◆ **Information supplied**

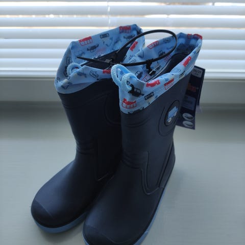 Käyttämättömät söpot pilkulliset kumisaappaat koossa 28, sisäpohjallinen 18,5 cm. Saappaissa on kätevät kahvat helpottamassa pukemista. Sopivat siroon/ kapeahkoon jalkaan sillä eivät ole leveälestiset.
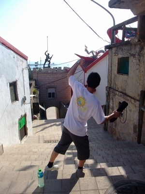 我們沒有「穿過大街、越過小巷」…我們只有「穿過小弄、越過後院」的走…來到了『忠誠門』,看看這傢伙,他很自動自發的做了相同的動作…所以我也很自動自發的拍了下來…
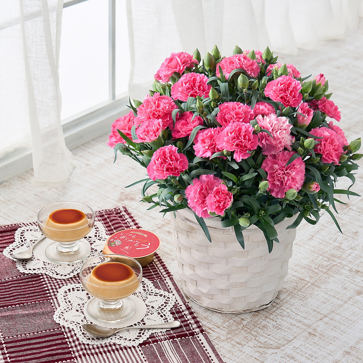 カーネーション鉢植え&たまご村プリン3個
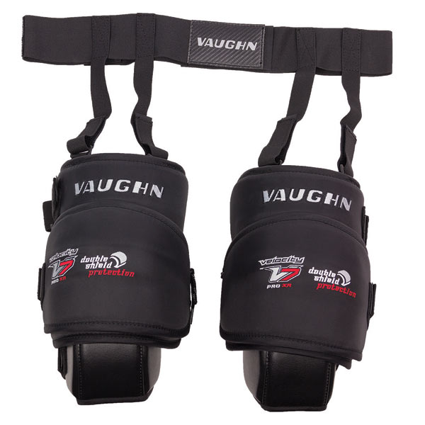 The Vaughn XR Pro Knee/Thigh Guard features a pro three piece design for flexibility, a large double shield for added protection and laces on for further adjustment, high density polyethylene molded components for shock dispersal, clarino synthetic leather on knee exterior for durability, and Nash® Clarino on inner knee for grip and durability. Guards feature a wrap around design to extend protection to both inner and outer sides of the leg and has three adjustable straps for precise adjustment. A top thigh strap with urethane grip strips on elastic provide added security. Full flexibility with three piece hinged design, and a garter belt attachment at waist to hold pad in place and features a vertical legl length adjustment.
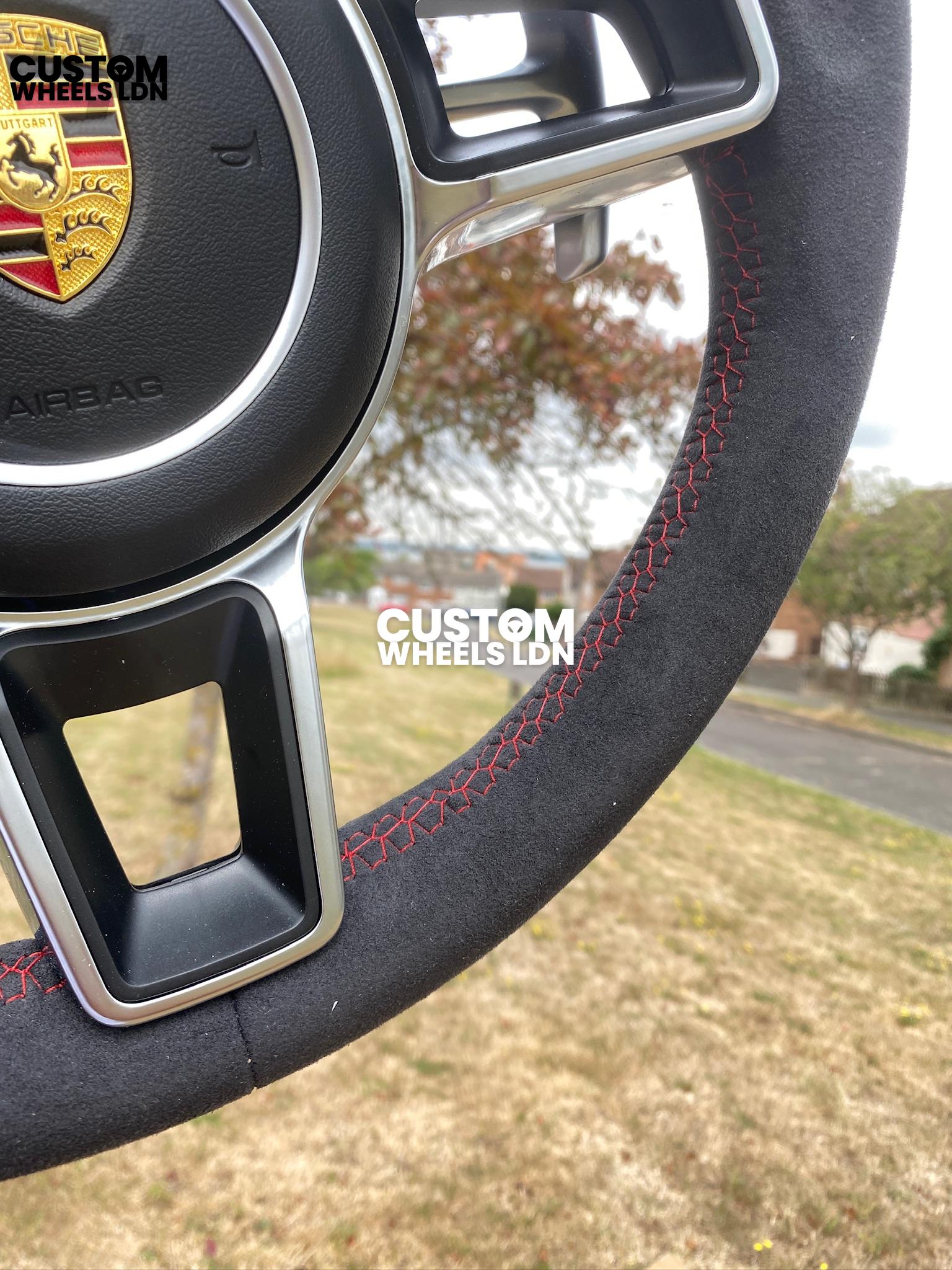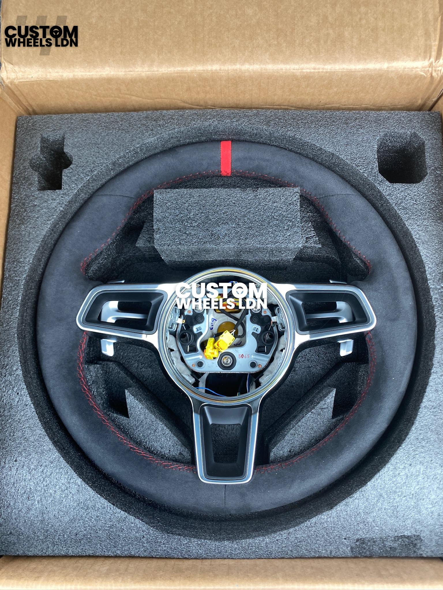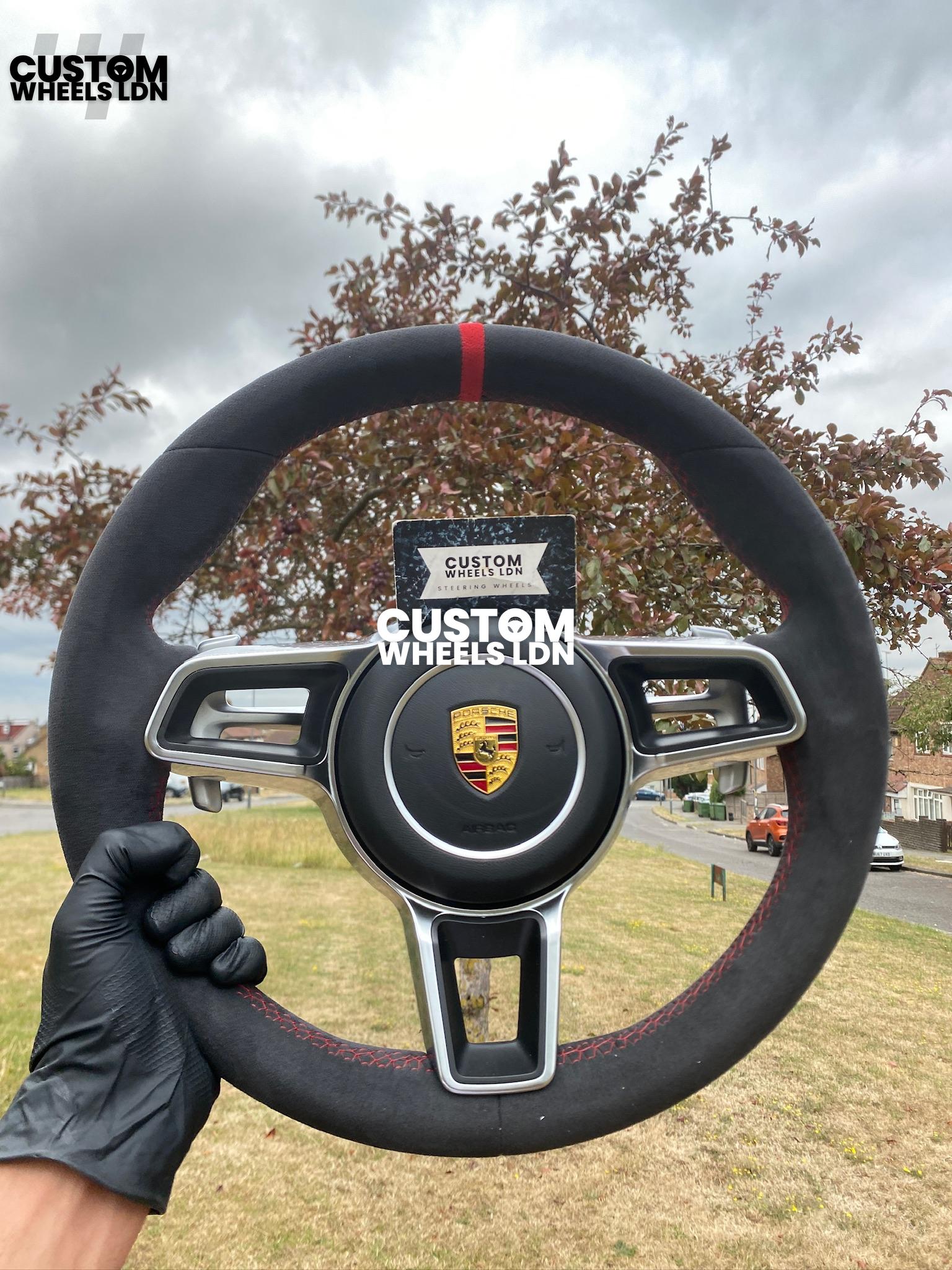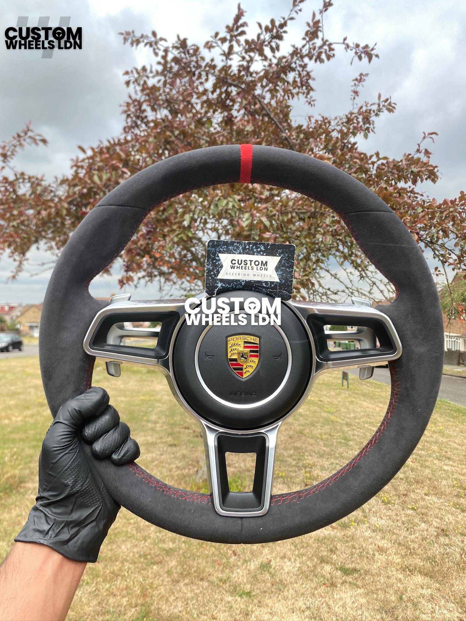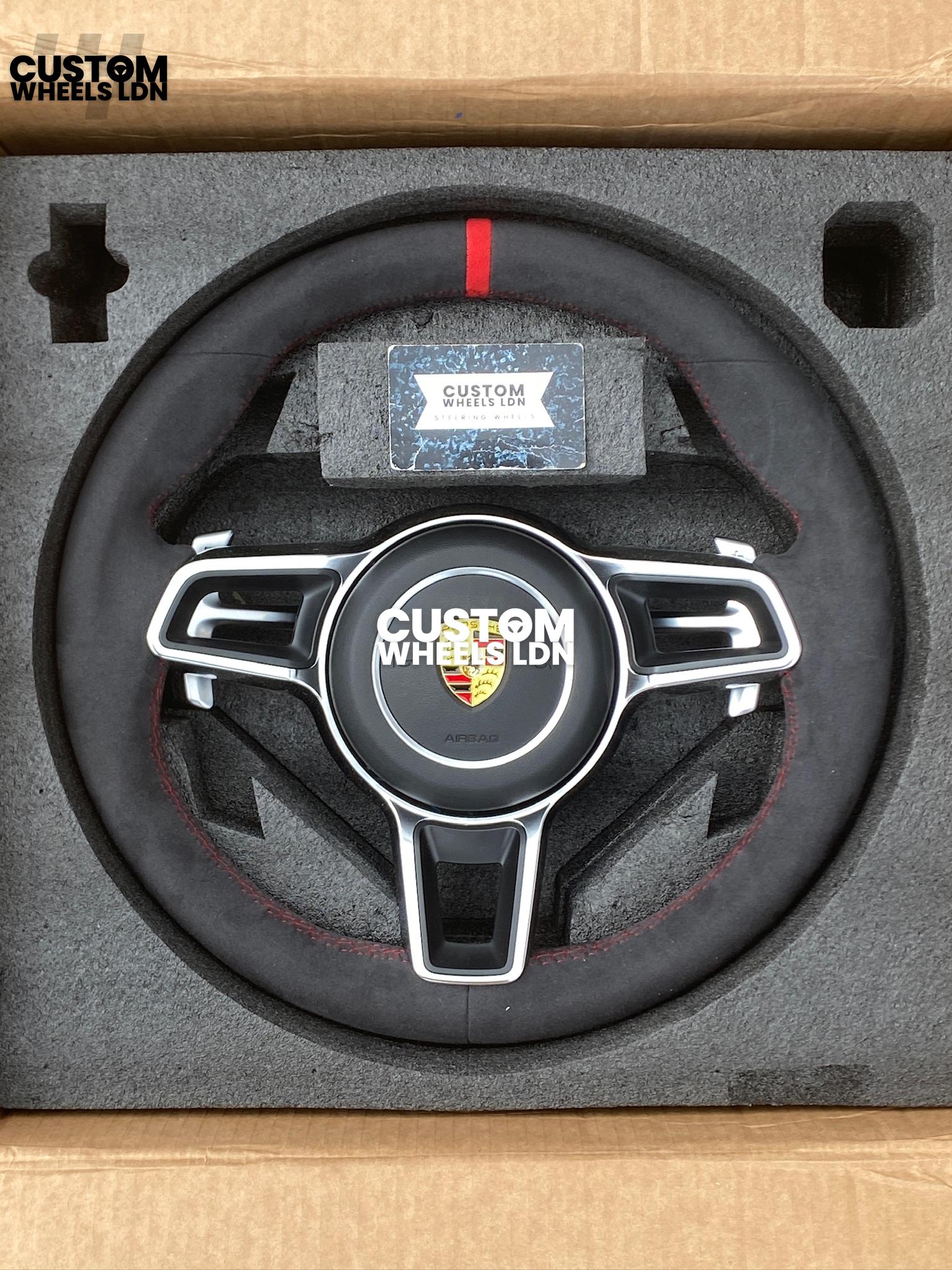 Porsche Custom Steering Wheel GT3RS Style – Alcantara, Red Stitching & Red 12 O’Clock Stripe | Fits 997, 991.1, Cayman, Boxster, Macan, Cayenne + more | Plug & Play | With Airbag | Upgrade for Older Models Available

◆ **Your goal**
Exact copy, no pictures: please print the data above once more.

◆ **Exercise answer**
 Käyttämättömät söpot pilkulliset kumisaappaat koossa 28, sisäpohjallinen 18,5 cm. Saappaissa on kätevät kahvat helpottamassa pukemista. Sopivat siroon/ kapeahkoon jalkaan sillä eivät ole leveälestiset.
 我們沒有「穿過大街、越過小巷」…我們只有「穿過小弄、越過後院」的走…來到了『忠誠門』,看看這傢伙,他很自動自發的做了相同的動作…所以我也很自動自發的拍了下來…
 カーネーション鉢植え&たまご村プリン3個
 The Vaughn XR Pro Knee/Thigh Guard features a pro three piece design for flexibility, a large double shield for added protection and laces on for further adjustment, high density polyethylene molded components for shock dispersal, clarino synthetic leather on knee exterior for durability, and Nash® Clarino on inner knee for grip and durability. Guards feature a wrap around design to extend protection to both inner and outer sides of the leg and has three adjustable straps for precise adjustment. A top thigh strap with urethane grip strips on elastic provide added security. Full flexibility with three piece hinged design, and a garter belt attachment at waist to hold pad in place and features a vertical legl length adjustment.
 Porsche Custom Steering Wheel GT3RS Style – Alcantara, Red Stitching & Red 12 O’Clock Stripe | Fits 997, 991.1, Cayman, Boxster, Macan, Cayenne + more | Plug & Play | With Airbag | Upgrade for Older Models Available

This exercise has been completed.